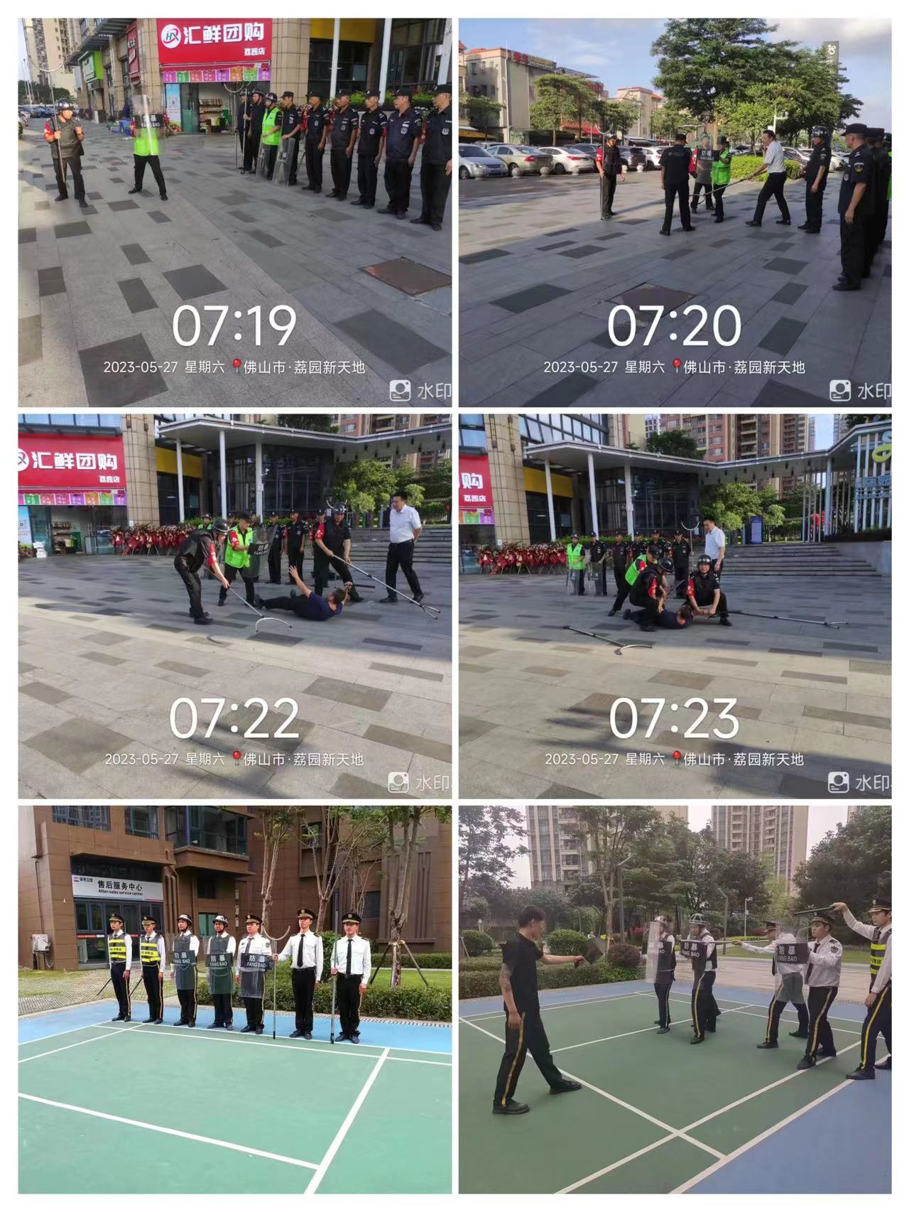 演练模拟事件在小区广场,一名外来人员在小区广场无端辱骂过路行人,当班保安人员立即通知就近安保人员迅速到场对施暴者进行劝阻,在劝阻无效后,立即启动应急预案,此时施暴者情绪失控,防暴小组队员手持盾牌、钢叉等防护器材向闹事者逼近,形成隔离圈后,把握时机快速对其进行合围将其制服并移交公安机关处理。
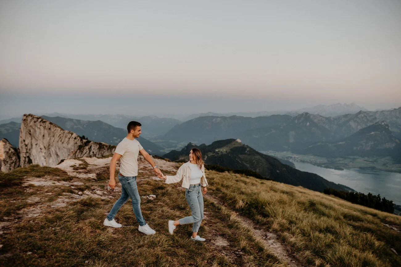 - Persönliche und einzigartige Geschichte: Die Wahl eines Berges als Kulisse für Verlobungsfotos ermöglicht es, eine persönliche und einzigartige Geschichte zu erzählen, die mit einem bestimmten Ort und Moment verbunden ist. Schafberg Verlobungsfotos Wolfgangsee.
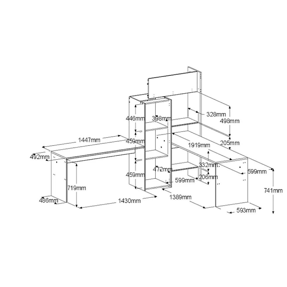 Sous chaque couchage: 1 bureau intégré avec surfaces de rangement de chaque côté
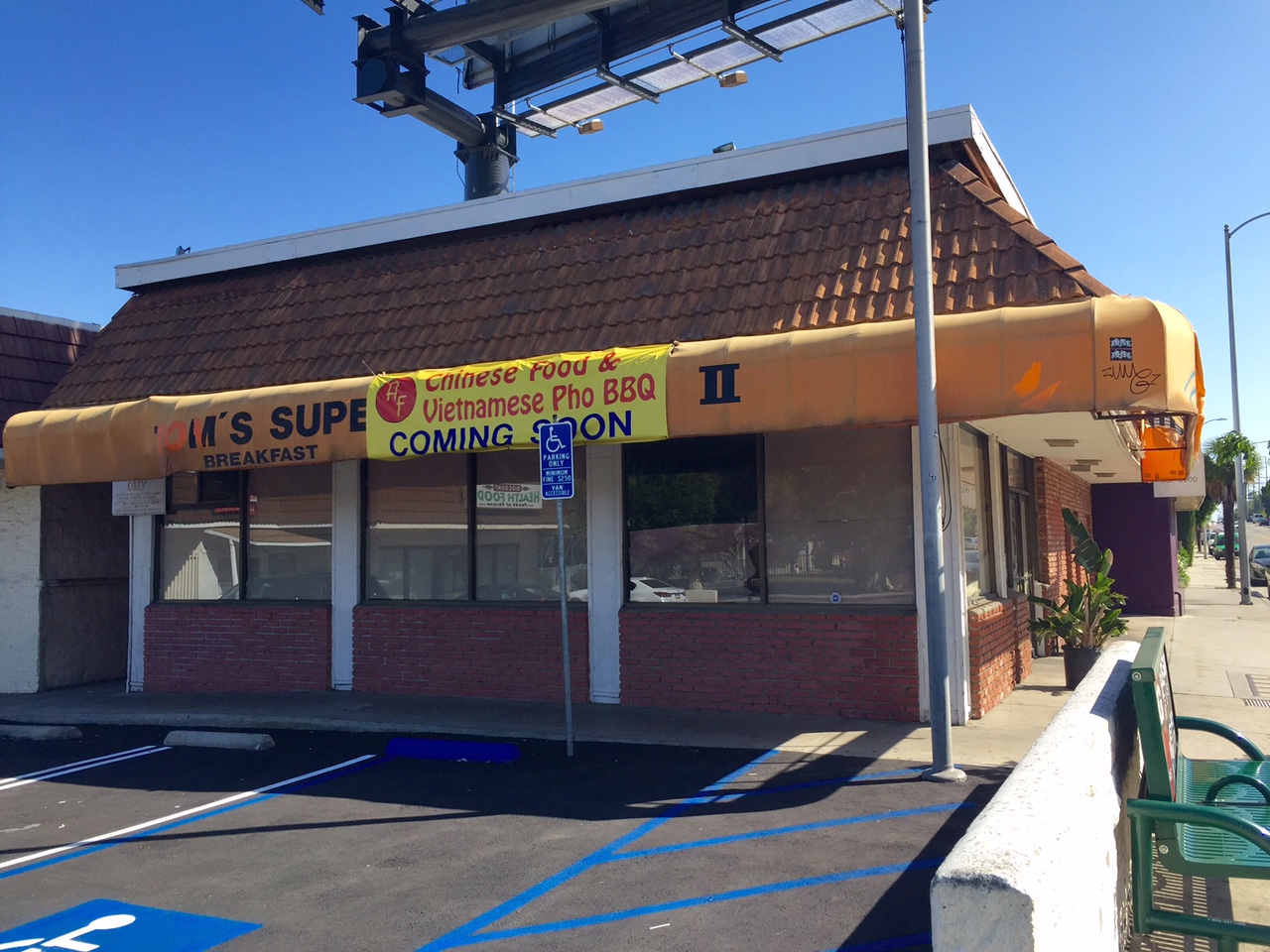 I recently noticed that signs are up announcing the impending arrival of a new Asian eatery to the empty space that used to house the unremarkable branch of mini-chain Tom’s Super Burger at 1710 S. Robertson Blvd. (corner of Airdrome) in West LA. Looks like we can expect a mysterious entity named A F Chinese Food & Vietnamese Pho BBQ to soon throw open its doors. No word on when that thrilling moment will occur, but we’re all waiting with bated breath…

_ _ _

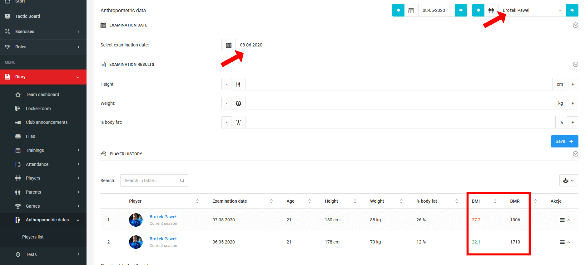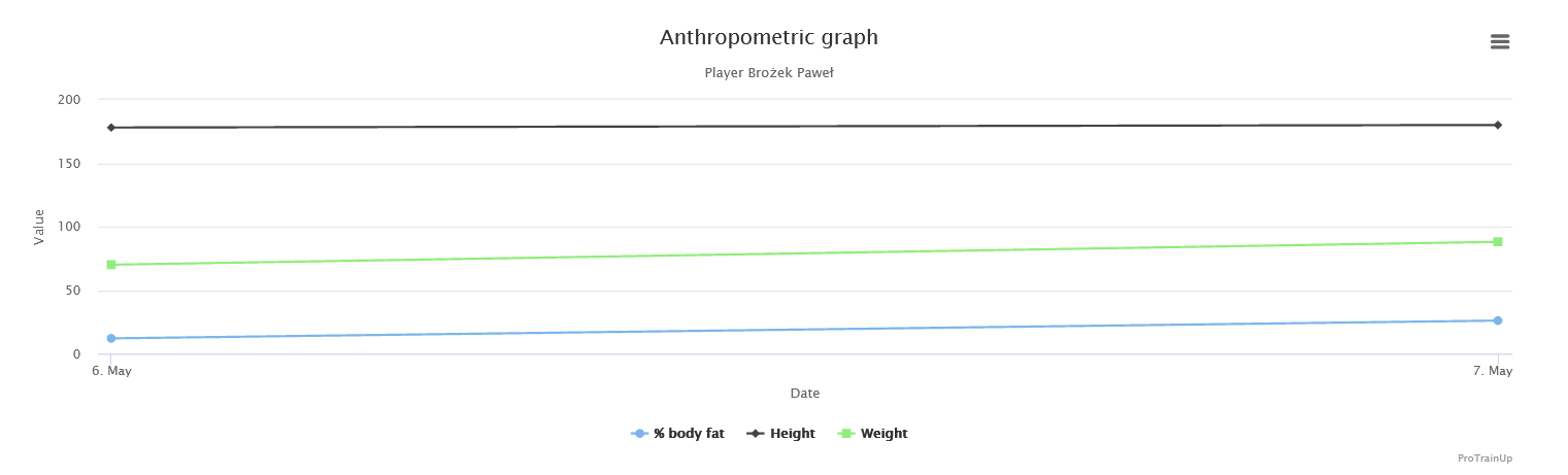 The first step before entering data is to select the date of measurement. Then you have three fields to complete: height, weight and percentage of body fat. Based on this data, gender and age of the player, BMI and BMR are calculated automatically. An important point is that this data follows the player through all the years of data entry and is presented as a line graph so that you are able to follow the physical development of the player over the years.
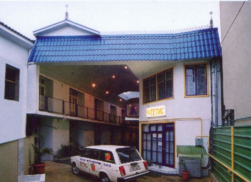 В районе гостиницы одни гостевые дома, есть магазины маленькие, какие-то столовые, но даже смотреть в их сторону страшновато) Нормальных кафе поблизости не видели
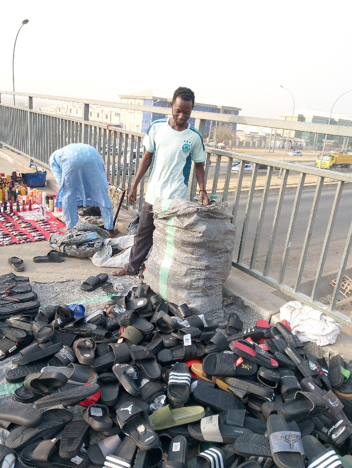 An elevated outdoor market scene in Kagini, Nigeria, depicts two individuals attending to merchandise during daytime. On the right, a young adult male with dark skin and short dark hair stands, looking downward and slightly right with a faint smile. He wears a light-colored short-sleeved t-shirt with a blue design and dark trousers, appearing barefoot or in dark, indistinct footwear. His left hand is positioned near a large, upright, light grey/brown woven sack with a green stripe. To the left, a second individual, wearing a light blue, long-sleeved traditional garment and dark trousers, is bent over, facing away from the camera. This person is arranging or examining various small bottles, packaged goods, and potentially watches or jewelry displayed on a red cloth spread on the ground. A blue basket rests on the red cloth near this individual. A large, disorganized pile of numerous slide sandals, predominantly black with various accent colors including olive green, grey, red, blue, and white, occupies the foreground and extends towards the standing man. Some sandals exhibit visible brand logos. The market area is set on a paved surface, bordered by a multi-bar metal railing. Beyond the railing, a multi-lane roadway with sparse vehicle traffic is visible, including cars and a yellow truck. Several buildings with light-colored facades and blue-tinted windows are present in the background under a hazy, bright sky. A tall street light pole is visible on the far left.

_ _ _

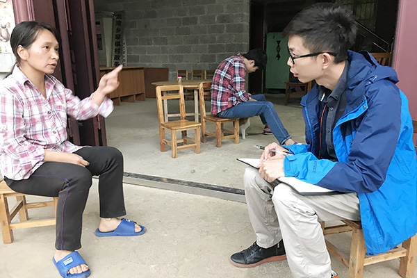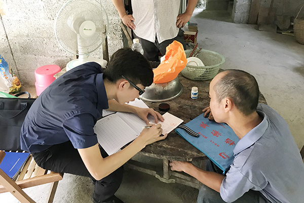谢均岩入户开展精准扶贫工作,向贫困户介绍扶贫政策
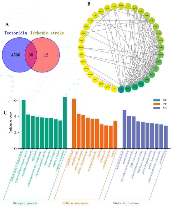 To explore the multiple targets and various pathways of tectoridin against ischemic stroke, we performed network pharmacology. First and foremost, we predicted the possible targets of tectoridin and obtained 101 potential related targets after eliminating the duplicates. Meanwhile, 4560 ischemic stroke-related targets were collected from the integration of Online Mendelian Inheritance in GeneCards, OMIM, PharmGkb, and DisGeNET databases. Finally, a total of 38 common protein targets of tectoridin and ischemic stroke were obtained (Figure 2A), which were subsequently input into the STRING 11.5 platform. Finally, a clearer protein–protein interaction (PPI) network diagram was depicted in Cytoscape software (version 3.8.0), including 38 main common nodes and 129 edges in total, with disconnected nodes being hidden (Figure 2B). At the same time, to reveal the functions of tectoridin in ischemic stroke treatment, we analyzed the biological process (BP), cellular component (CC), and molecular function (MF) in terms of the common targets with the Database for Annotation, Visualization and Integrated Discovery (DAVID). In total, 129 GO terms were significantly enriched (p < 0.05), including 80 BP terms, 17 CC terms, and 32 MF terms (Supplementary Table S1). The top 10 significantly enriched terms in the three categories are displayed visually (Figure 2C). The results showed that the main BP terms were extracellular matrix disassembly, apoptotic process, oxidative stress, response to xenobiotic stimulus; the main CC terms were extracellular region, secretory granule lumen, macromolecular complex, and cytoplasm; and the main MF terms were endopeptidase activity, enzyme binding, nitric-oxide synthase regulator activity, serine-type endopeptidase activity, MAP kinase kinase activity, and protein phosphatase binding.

_ _ _

» **EXERCISE BRIEF**
Extract from the material above the stretch running from the line containing "Sous chaque couchage: 1" through the line containing "I recently noticed". Keep the text exact and the pictures out.

» **OUTPUT**
 Sous chaque couchage: 1 bureau intégré avec surfaces de rangement de chaque côté
 I recently noticed that signs are up announcing the impending arrival of a new Asian eatery to the empty space that used to house the unremarkable branch of mini-chain Tom’s Super Burger at 1710 S. Robertson Blvd. (corner of Airdrome) in West LA. Looks like we can expect a mysterious entity named A F Chinese Food & Vietnamese Pho BBQ to soon throw open its doors. No word on when that thrilling moment will occur, but we’re all waiting with bated breath…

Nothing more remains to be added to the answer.